**Data section**
- Opening Delimiter -
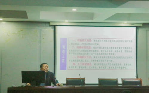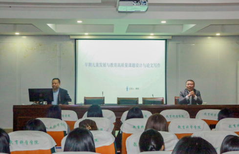 为加强学前教育专业研究生对高质量课题设计和论文写作的了解,更好地引导同学们进行高质量论文写作,学院学前教育知行大讲坛特邀陕西学前师范托育事业研究副院长熊伟教授作了题为《早期儿童发展与教育高质量课题设计与论文写作》的学术讲座。本次讲座由副院长张更立教授主持,学前教育专业全体研究生参加。
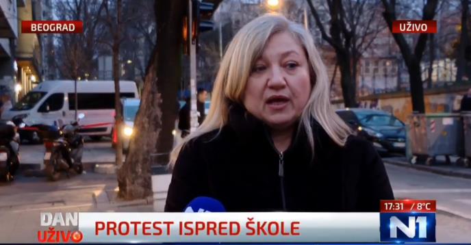 Televizija N1 pomno je pratila slučaj učiteljice Osnovne škole "Vladislav Ribnikar" Sabine Gicić koja je đake četvrtog razreda odvela na studentske proteste na Pravnom fakultetu u Beogradu. Reporter N1 uključio se i sa skupa podrške učiteljici.
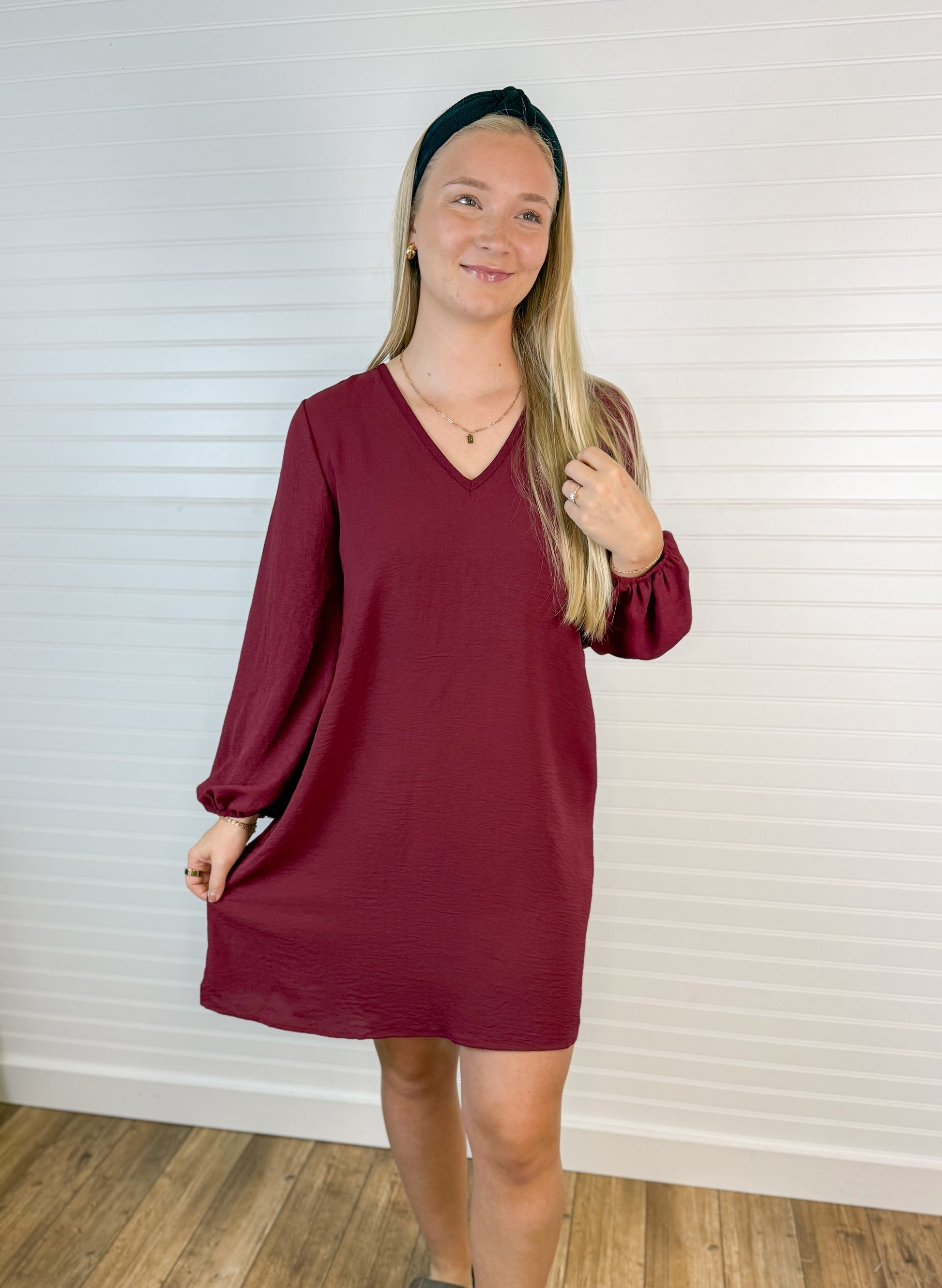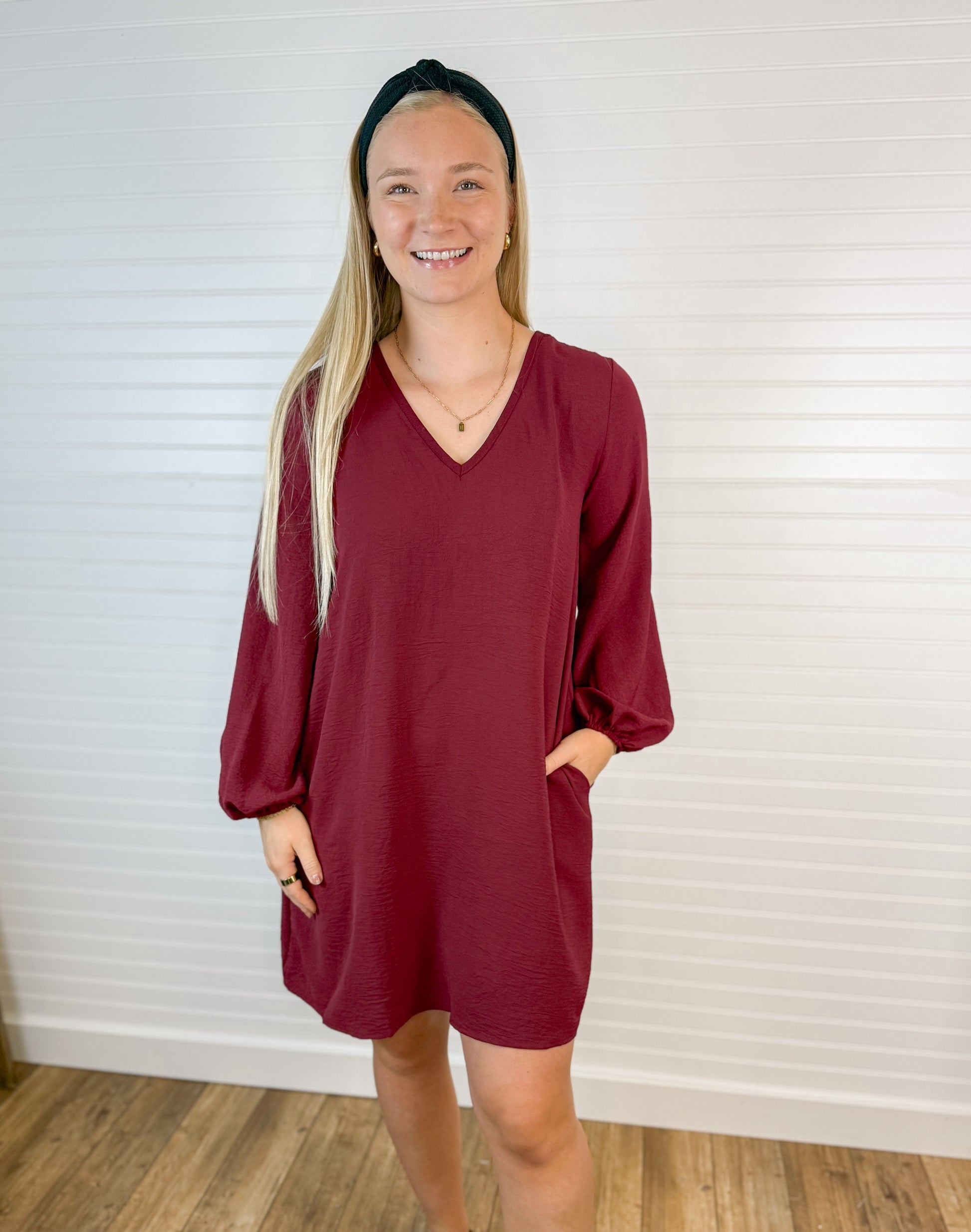 This Airflow V-Neck Long Sleeve Dress in Wine features breathable woven fabric designed for comfort. Its flattering V-neck and trendy balloon sleeves add a stylish touch, while the mini length keeps the look fresh and modern. Convenient side pockets provide practicality without sacrificing style. Perfect for everyday wear or special occasions.
- Closing Delimiter -
**Task to carry out**
Repeat the listing exactly, pictures excluded.

**Written solution**
 为加强学前教育专业研究生对高质量课题设计和论文写作的了解,更好地引导同学们进行高质量论文写作,学院学前教育知行大讲坛特邀陕西学前师范托育事业研究副院长熊伟教授作了题为《早期儿童发展与教育高质量课题设计与论文写作》的学术讲座。本次讲座由副院长张更立教授主持,学前教育专业全体研究生参加。
 Televizija N1 pomno je pratila slučaj učiteljice Osnovne škole "Vladislav Ribnikar" Sabine Gicić koja je đake četvrtog razreda odvela na studentske proteste na Pravnom fakultetu u Beogradu. Reporter N1 uključio se i sa skupa podrške učiteljici.
 This Airflow V-Neck Long Sleeve Dress in Wine features breathable woven fabric designed for comfort. Its flattering V-neck and trendy balloon sleeves add a stylish touch, while the mini length keeps the look fresh and modern. Convenient side pockets provide practicality without sacrificing style. Perfect for everyday wear or special occasions.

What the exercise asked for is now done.